Прекрасные очерки Овечкина в «Правде» вызвали целую волну интересных, проблемных очерков. Одними из самых близких к овечкинским и в то же время самобытными были очерки Анатолия Калинина и Гавриила Троепольского. С острыми очерками выступил и Владимир Тендряков, затем написавший талантливую, по–хорошему злободневную повесть «Не ко двору», которую по–отцовски поддержал Валентин Владимирович.

«Не щади себя! Хочешь светить – гори!» – писал Овечкин в своем дневнике. Он знал, что такое подвиг настоящего писателя: «С каждой новой вещью большой кусок жизни долой! И не просто – вот тот кусок, который прожил, пока писал. Три месяца писал – год жизни долой! Год писал – на три года жизни поубавилось. Вредный цех? Да, очень!» И он с упоением работал над новой книгой «Невыдуманные очерки», хотел рассказать о своей жизни. «Отдаться целиком воспоминаниям о прошлом, не связывая их с нынешними днями, – так я не смогу, не вытерплю.
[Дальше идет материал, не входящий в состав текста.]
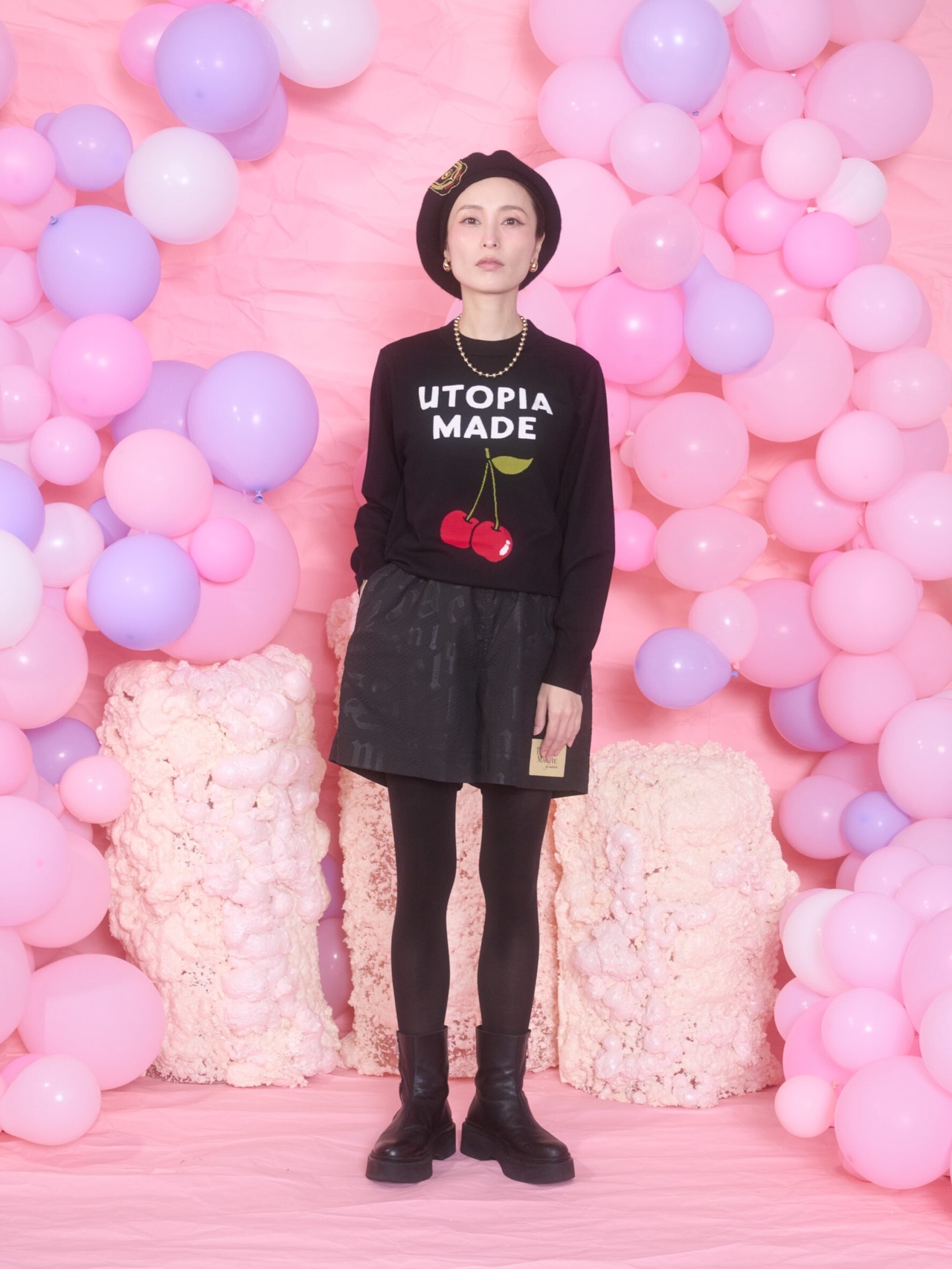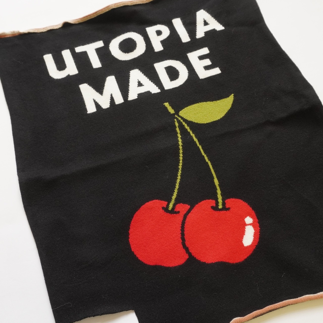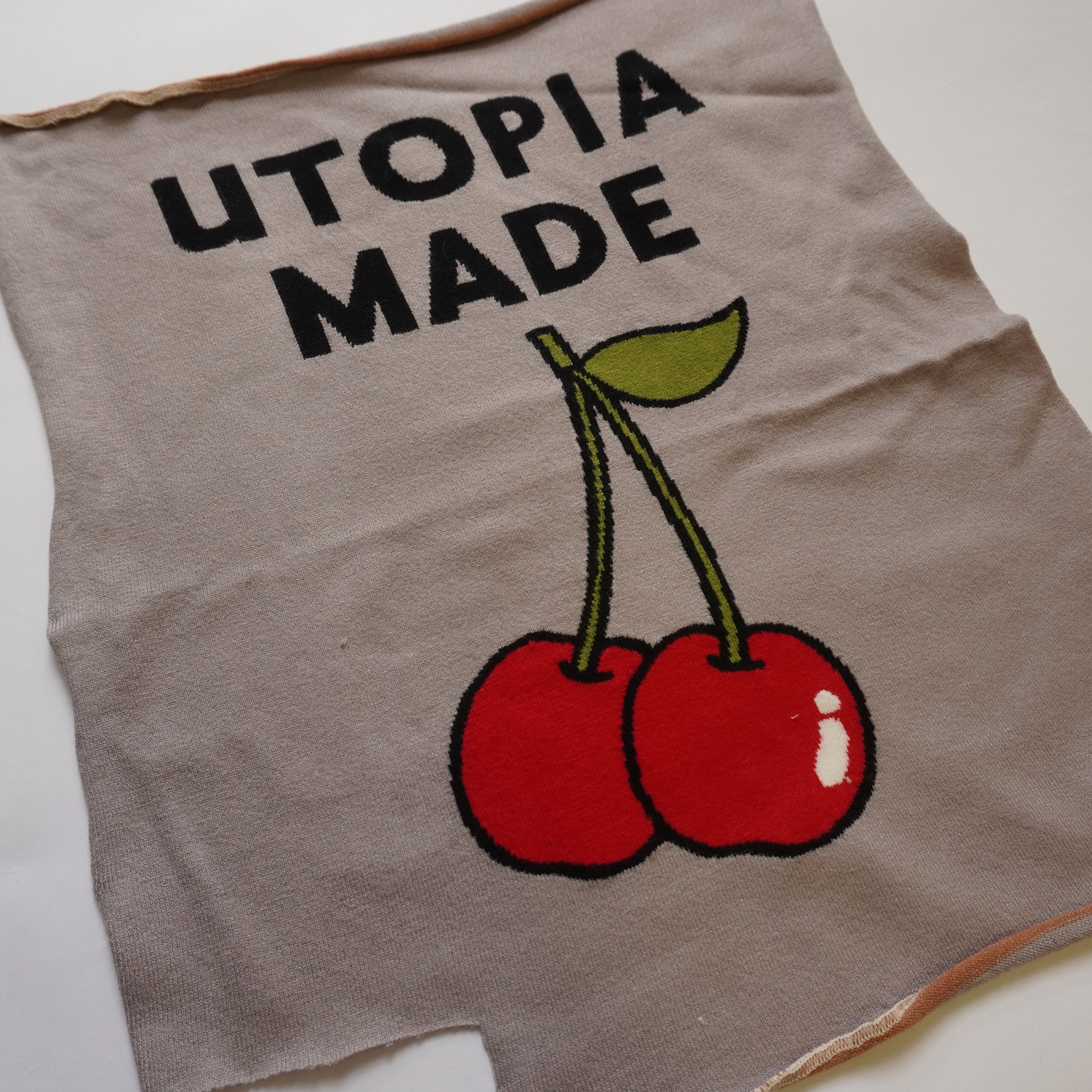 ユートピアで作られたチェリーの絵を描いて入れています。今回のユートピアのイメージは理想郷に入っていきたい、ストレスのない世界なんてないだろうけれどもそんな世界が未来にできたらいいな、という思いからこの言葉を選んでいます。トマスモアのユートピアが16世紀に一番最初に出版され、この言葉が初めて使われました。それはおそらく歴史の授業で知った言葉でした。私なりのユートピアのイメージは今回のコレクションのメインビジュアルになっています。ふわふわとした心地よい世界。イメージを伝えカメラマンとモデルに写真で表現してもらいました。ユートピアでできたチェリーはとても美味しい。このさくらんぼはユートピアでできたものです。さくらんぼの花言葉は”良心”です。心の声に耳を傾け、誠実に行動する精神、善良な教育、上品さ、幼いピュアな心、というものがあるそうです。みんなが良心という心で人々に接することができれば世界はきっと心地よいものになるのだろうな、なかなか出来はしないけど。という理想を表現しています。また現実的にはきっと出来ない、でも精神の世界で理想郷に入れたらいいな、という私自身の妄想でもあります。ベージュとブラックの2色展開。私はブラックがお勧めです。

Повесть о том, как и почему я стал писателем? Да, и об этом хочется рассказать, ответить разом на многие вопросы читателей. Но не только об этом…»

И ныне Валентин Овечкин, превосходно знавший жизнь и думы народные, разговаривает со страниц книг о самом главном не только со своими возмужавшими сыновьями, но и со всеми современниками, со всеми нами.